Taulah mereka sekarang jika unjuk kekuatan yang mereka perlihatkan sebelumnya, adalah sebagai bentuk gertakan. Tetapi siapa nyana justru lawan yang menghadang mereka telah mencapai tingkat surga.


Kekuatan Geho Sama yang mampu melemparkan musuh sebegitu jauh sudah menjelaskan seberapa tinggi kekuatan yang melambarinya. Kemungkinan karena alasan itulah mengapa mereka memutuskan untuk tidak meneruskan serangan.


Tindakan mereka yang langsung berubah drastis itu tidak urung membuat Suro dan lainnya mulai mengernyitkan dahi.


"Apakah para makhluk itu pernah mendengar ucapan seorang ahli strategi perang yang bernama Sun Tzu?"


"Maksud paman?" ucap Suro sambil mengerutkan dahi menimpali ucapan Pendekar Zhang Yuan.


"Menurut Sun Tzu kalau memiliki kekuatan sepuluh kali kekuatan musuh, kepunglah dia.
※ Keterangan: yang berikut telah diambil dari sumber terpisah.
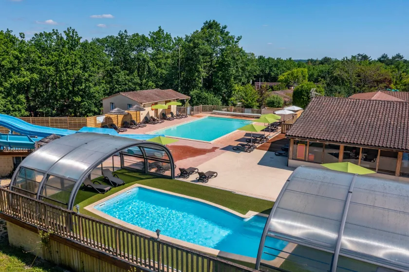 Camping Le Lou Castel ligt in Castelnaud-la-Chapelle in de Dordogne (regio Nouvelle-Aquitaine).

Namun jika lima kali, maka seranglah dia.


Tetapi jika dua kali, hadapilah dia. Sedangkan kalau sama-sama kuat, maka pecah belahlah musuh. Namun jika kalah kuat, maka tindakan terbaik adalah bertahan. Terakhir jika Anda bukan tandingannya, maka sebaiknya hindarilah musuhmu."


"Lalu apa hubungannya dengan tindakan mereka?" tanya Geho Sama penasaran.


"Lihatlah mereka memilih membentuk pertahanan, setelah mengetahui kekuatan serangan pendekar Geho Sama. Pasukan musuh menyadari kekuatan kita tidak dibawah mereka." ucap Pendekar Zhang Yuan mengakhiri penjelasannya.


"Apakah itu artinya musuh yang kita hadapi kali ini memiliki kecerdasan?"


Suro masih menggaruk-garuk kepalanya menyahut penjelasan dari Pendekar Zhang Yuan barusan. Tetapi belum sempat mulutnya melanjutkan ucapannya, Dewa Rencong justru memberondong pertanyaan kepadanya.


Mulut Dewa Rencong sepertinya sudah gatal tidak tahan untuk bertanya kepada Suro. Sebab keputusan Suro membawa mereka tiba di pegunungan Longmen, sejak awal telah mengganjal pikirannya.


"Sebenarnya tujuan kita menghadapai para makhluk yang serba janggal ini demi apa bocah? Aku merasa mereka tidak ada urusannya dengan Batara Karang, walaupun memang aura sesat ini cukup mengganggu!"


Pertanyaan itu secara tidak langsung juga mewakili yang lainnya. Mereka juga bertanya-tanya tentang tujuan Suro membawa mereka semua ketempat itu.


Apalagi dari awal melawan Kirin Neraka, jumlah pendekar yang telah tewas hampir tiga puluh orang. Tentu jumlah itu bukanlah jumlah yang sedikit. Apalagi ini menyangkut nyawa pendekar yang sudah mencapai kekuatan tenaga dalam tingkat langit, tentu itu kejadian yang sangat disayangkan.


Kejadian yang menewaskan para pendekar oleh serangan para Kadal Api, juga masih terbayang jelas di benak setiap orang yang berhasil menyebrang.


Itu adalah peristiwa yang sangat mengerikan. Mereka yang tertangkap oleh Kadal api sudah tidak mampu lagi diselamatkan semua lenyap bersama kadal yang kembali terjun masuk ke dalam kawah.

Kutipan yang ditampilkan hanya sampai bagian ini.